In deze bodemzaak heeft de rechtbank Den Haag op 12 juli 2023 uitspraak gedaan in een geschil tussen de curator van een gefailleerde jeugdhulpverlener, [bedrijf] B.V., en het Samenwerkingsorgaan Holland Rijnland (HR). De curator vorderde betaling van facturen die door [bedrijf] waren ingediend voor behandelingen die in 2019 zijn uitgevoerd, maar waarvoor geen budgetruimte meer beschikbaar was.
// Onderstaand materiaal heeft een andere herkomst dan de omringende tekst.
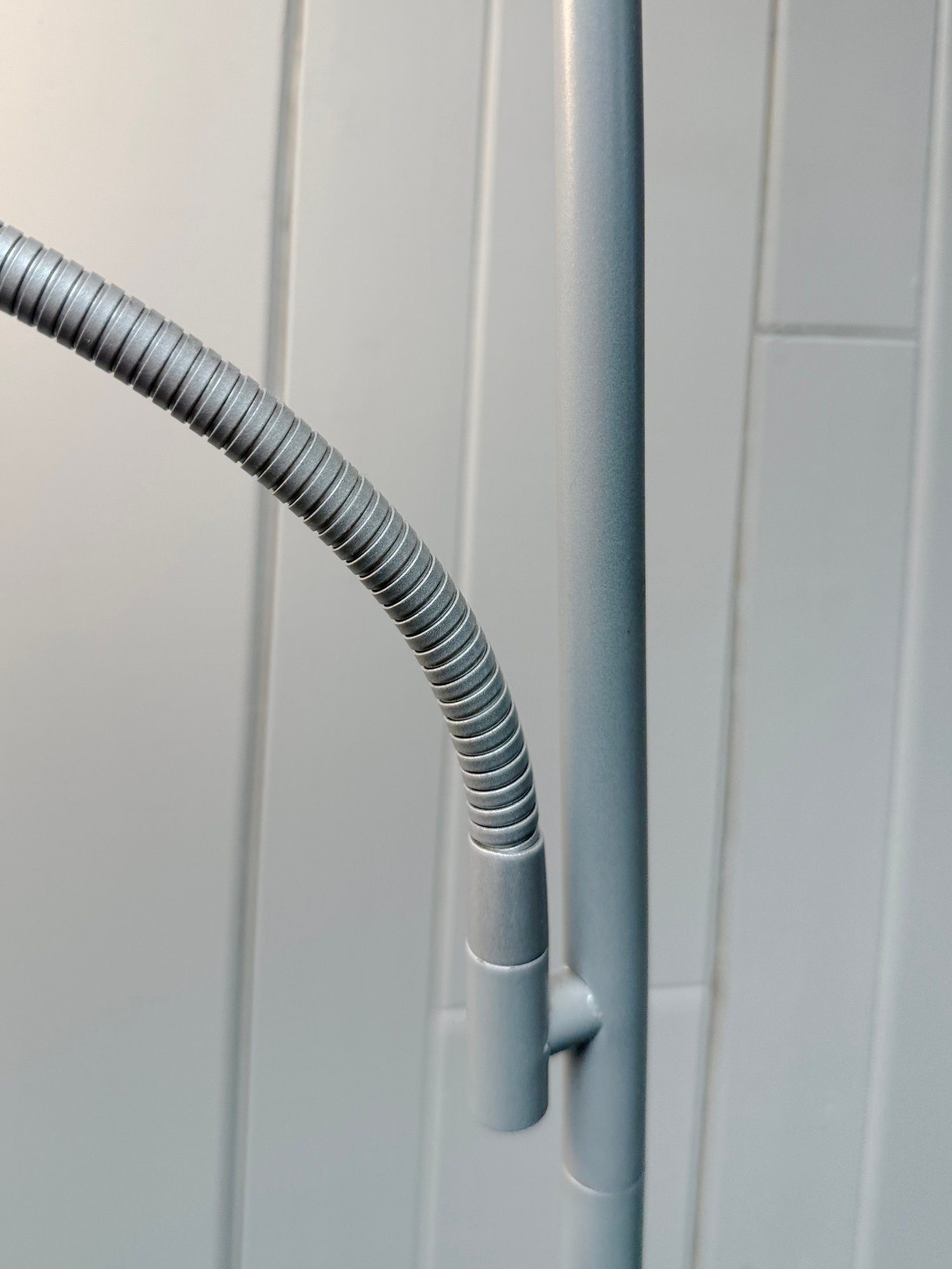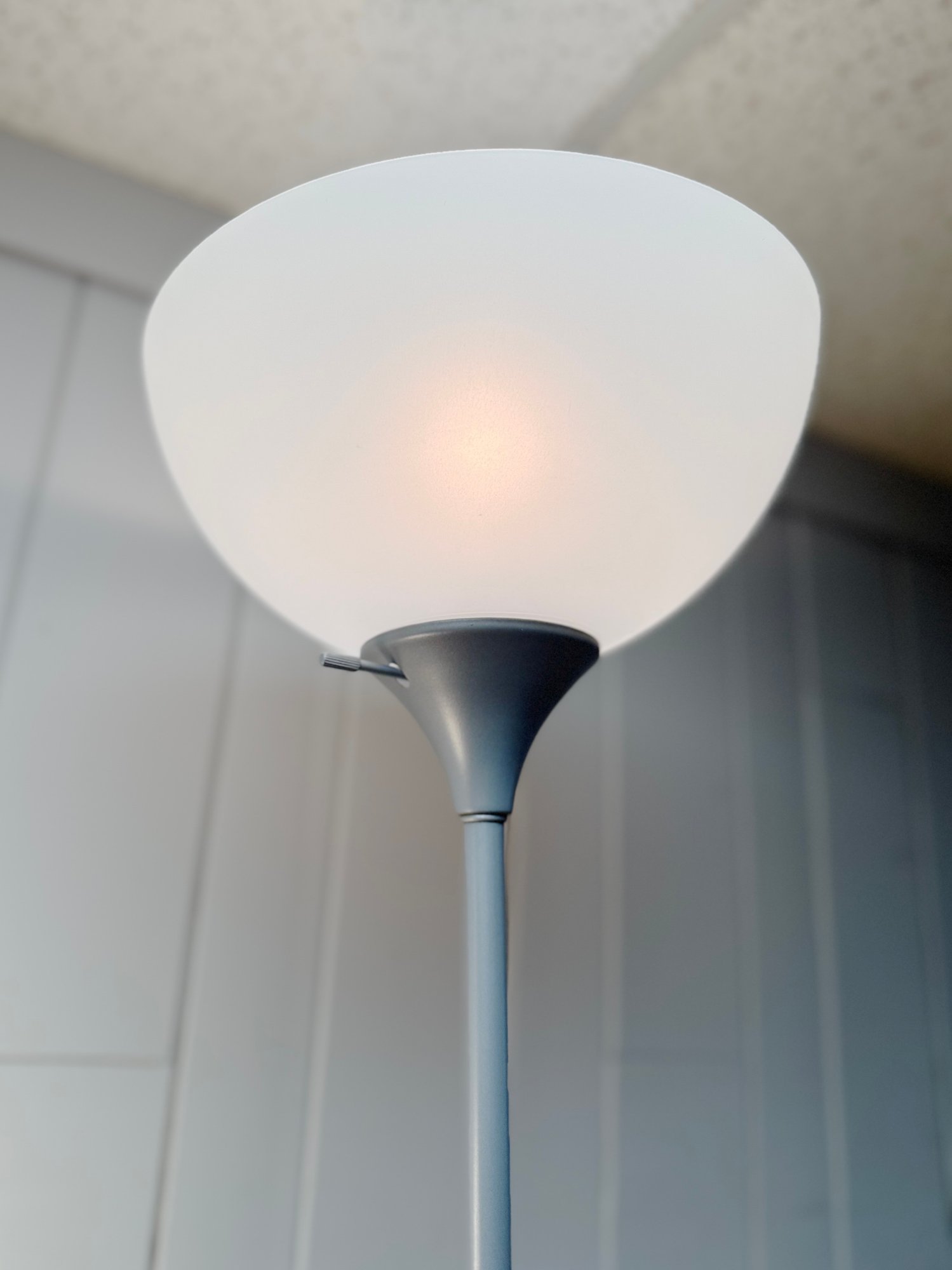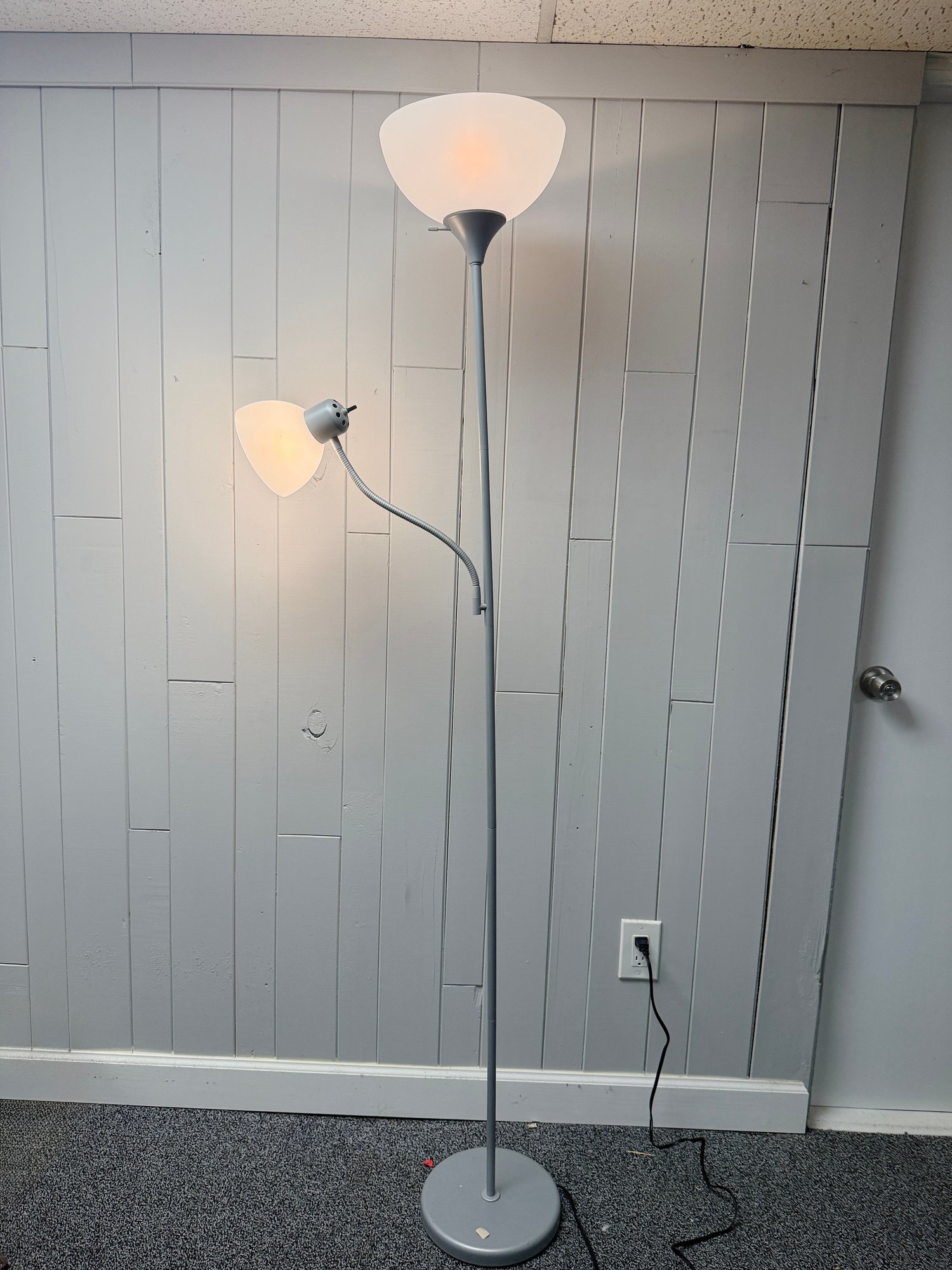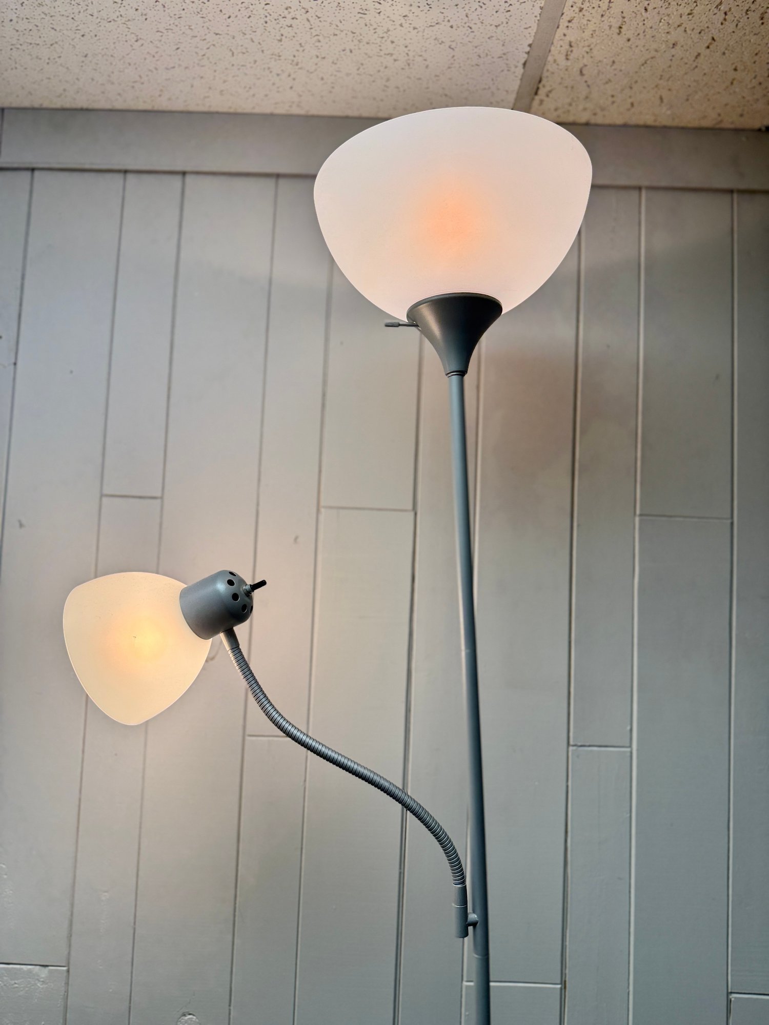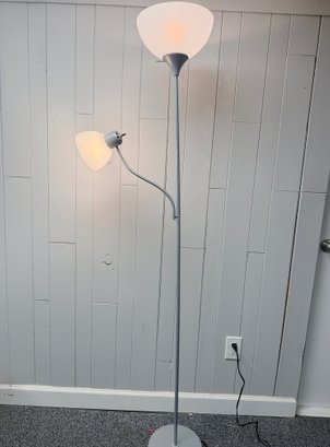(P-105) ADJUSTABLE FLOOR LAMP WITH TWO GLASS SHADES -WORKING

De rechtbank heeft vastgesteld dat de samenwerking tussen [bedrijf] en HR in 2018 begon, waarbij HR budgetten toekende voor de behandeling van cliënten. Voor 2019 was er een budgetplafond van € 180.000 vastgesteld, dat door HR niet overschreden kon worden. De curator stelde dat het budgetplafond te laag was en dat HR onrechtmatig handelde door de facturen niet te betalen. HR betwistte dit en stelde dat het aan de zorgaanbieders was om hun budgetten te bewaken.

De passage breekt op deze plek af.